Based on mutual interest and building on existing national developments, the goal of the project is to advance the research, development and application of machine learning techniques to add value to the production of official statistics. To achieve this goal the Machine Learning (ML) project team will aim to:

  • Investigate and demonstrate the value added by ML in the production of official statistics, where "value added" is measured as an increase in relevance, better overall quality or reduction in costs.
  • Advance the capability of ML to add value to the production of official statistics.
  • Advance the capability of national statistical organisations to use ML in the production of official statistics.
  • Enhance collaboration between statistical organisations in the development and application of ML.

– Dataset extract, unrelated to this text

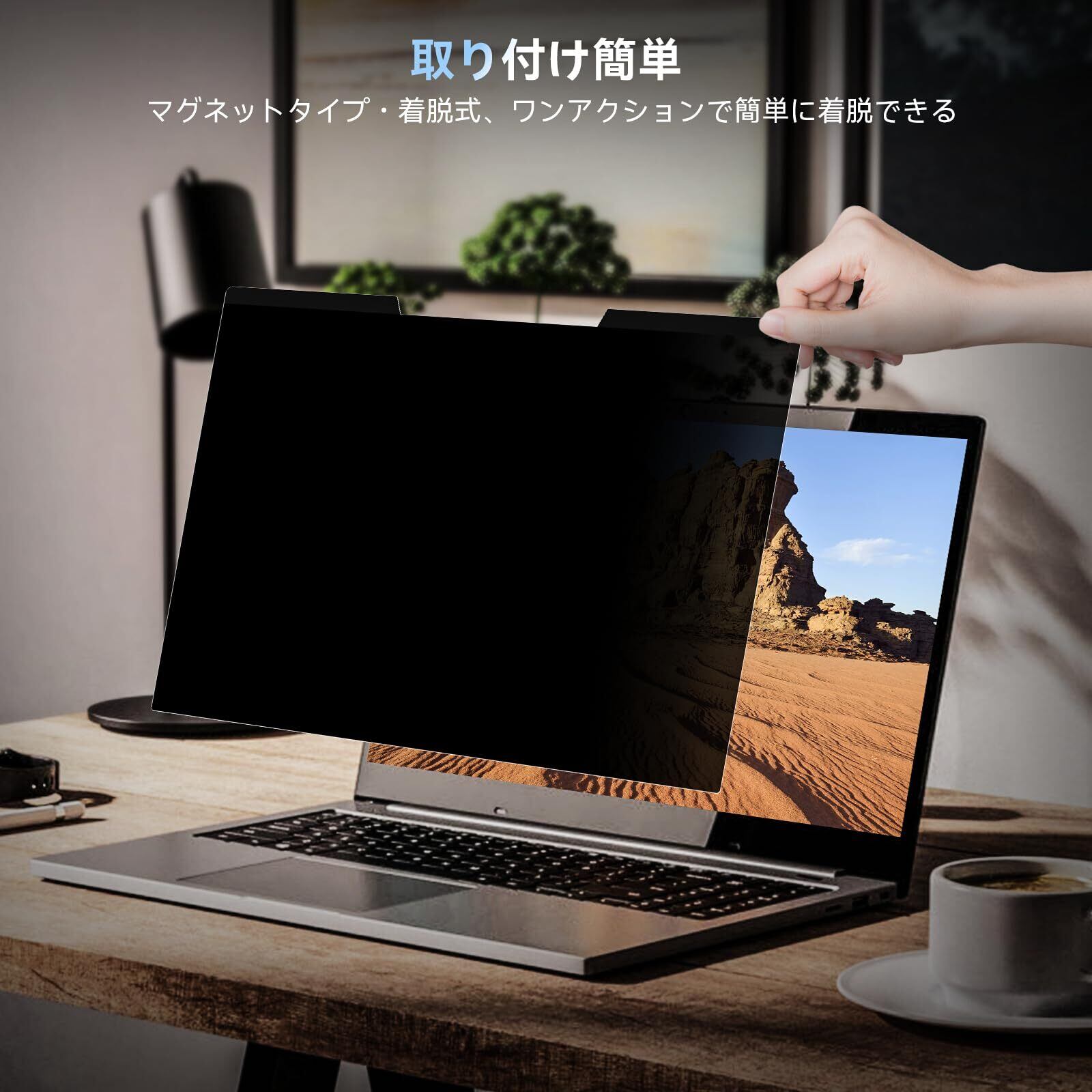 このフィルターはマグネット式で、取り付けや取り外しが簡単です。面倒なテープや粘着剤を使わず、必要な時にすぐに装着できる利便性が特長です。しっかりと画面にフィットし、安定した使用感を実現しています。

Based on the first work of the BSTN, the expectations of the HLG-MOS and the interests of the team members, the work of the project was organised around three work packages (WP):

  • WP1 - Conduct pilot studies on the following themes:
    • coding and classification (C&C)
    • edit and imputation (E&I)
    • use of imagery.
  • WP2 - Develop a quality framework to underpin the use of ML
  • WP3 - Identify and address integration challenges

In addition to demonstrating the value added of ML, the purpose of the pilot studies was to facilitate learning, sharing and collaboration within the group. At the beginning of the project, the lack of a quality framework to guide the use of ML was considered as the main hurdle to having proven ML solutions accepted within NSOs. Finally, other challenges related to the operationalisation and further expansion of ML solutions were initially identified and more were raised as the pilot studies progressed.

Combining the project goals and work packages in a single sentence, the work of the project began to: “Integrate in production processes (WP3) demonstrated ML solutions (WP1) in a sound and efficient manner (WP2)”. Participants from Canada, Germany, Mexico and the UK volunteered to lead five sub-groups (3 on WP1; WP2; WP3). The sub-groups met virtually to collaborate and share their progress and results. Project update meetings were held monthly.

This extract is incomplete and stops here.